Ложное представление о причинах

Когда мы просим объяснить нам Французскую революцию, то мы ждем не изложения теории революции вообще, из которой вытекает 1789 год, и не разъяснения понятия революции, а анализа антецедентов, вызвавших этот революционный взрыв; объяснение — не что иное, как рассказ об антецедентах, который показывает, вследствие каких событий произошло событие 1789 г., и слово «причина» обозначает эти самые события: причины суть различные эпизоды интриги. Если в повседневной жизни меня спросят: «почему вы рассердились?» - я не стану перечислять всех причин, а начну небольшое повествование, сотканное из намерений и случайностей. Поэтому вызывает удивление количество книг, посвященных причинности в истории: почему именно в истории? Не проще ли исследовать повседневность, объясняя, почему Дюпон развелся, а Дюран поехал не в горы, а на море? Еще удобнее было бы исследовать причинность в Воспитании чувств: эпистемологический интерес был бы тот же, что при изучении причинности у Пиренна или Мишле. Считать историю чем-то обособленным, а занятия историка - какой-то

113

таинственной деятельностью, приводящей к историческому объяснению,

— просто предрассудок. Проблема причинности в истории есть пережиток палеоэпистемологической эры; мы все еще полагаем, что историк называет причины войны между Антонием и Октавианом, как физик (по идее) называет причины падения тел. Причина падения - это притяжение, которым объясняется также движение планет, и физик восходит от феномена к его принципу; он выводит из более общей теории поведение более мелкой системы; процесс объяснения идет сверху вниз. Историк, напротив, ограничивается горизонтальным планом: «причины» войны между Октавианом и Антонием - это события, предшествовавшие войне, точно так же как причины происходящего в акте IV Антония и Клеопатры - это то, что произошло в первых трех актах. Поэтому слово «причина» гораздо чаще употребляется в книгах об истории, чем в книгах по истории, где оно может ни разу не встретиться на пятистах страницах.
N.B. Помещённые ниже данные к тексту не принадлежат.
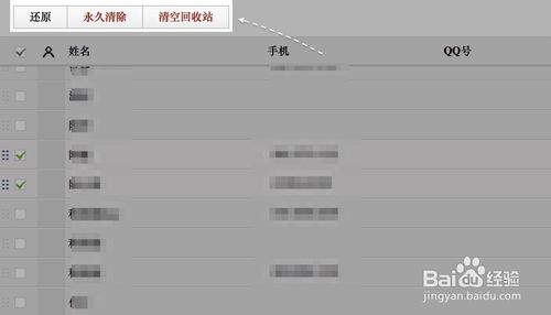 在回收站页面里,我们可以看到之前删除过的所有的联系人信息。如果想要恢复的话,选择要恢复的联系人,再点击“还原”按钮就可以了。当然你也可以选择清空回收站的联系人,永久删除联系人。

Сеньобос заявляет, что событие имеет причины, что все причины равнозначны и что выделить главные среди них невозможно: все они сыграли свою роль в появлении следствия, все они - полноценные причины. Такая точка зрения - двойная фикция. Историк не выделяет причин, сыгравших роль в появлении следствия, он ведет рассказ, в котором эпизоды следуют один за другим, а участники и факторы выстраивают свои действия в единое целое. Вполне позволительно и, может быть, даже удобно выделять один из этих эпизодов и называть его причиной, но развлекаться разделением интриги на части, присваивая им название причин, - это школярское занятие, имеющее смысл только в плане дискурса; разделив этот continuum на части, мы можем получить больше или меньше причин, в зависимости от конкретного случая (Великая армия в целом или каждый солдат в отдельности), и конца им не будет не только потому, что каждый причинный ряд восходит к началу времен, но, прежде всего, потому, что он очень быстро теряется в не-событийном: историки грядущих веков, которые будут гораздо проницательнее нас, увидят в душе вор-

чунов Великой армии нюансы, о которых мы даже не подозреваем. Только физик, поскольку он решил устанавливать законы в области абстракций, может перечислить абсолютно все переменные и дискретные

параметры какой-либо проблемы.

Во-вторых, Сеньобос, как и Тэн, видимо, полагает, что историк начинает с накопления фактов, затем ищет причины и неудовлетворен, если их не находит; это заблуждение, поскольку историк больше похож на журналиста, чем на детектива; он выполнит свою задачу, когда скажет,

114

что он увидел в источниках, а уж виновного он найдет, только если сможет. Но ведь детектив - это «хороший» историк? Конечно, но на нет и суда нет: если источники не позволят найти виновного, историк, тем не менее, останется историком. Все, что историк рассказывает - хорошо с профессиональной точки зрения: мы не замечаем лакун в причинах без специального усилия, и даже если мы их замечаем, то это положительное открытие мы совершаем, задав «дополнительные» вопросы. Но вот в чем загадка: как история остается историей, при том что она может в равной мере искать причины или же не уделять этому особого внимания, предлагать поверхностные причины или открывать глубокие причины и по своему желанию закручивать вокруг одного события сразу несколько интриг, в одинаковой степени экспликативных, хотя и совсем разных: дипломатическая, или экономическая, или психологическая, или просопографическая история истоков войны 1914г.? Стоит ли из этого делать заключение об «ограниченной исторической объективности»?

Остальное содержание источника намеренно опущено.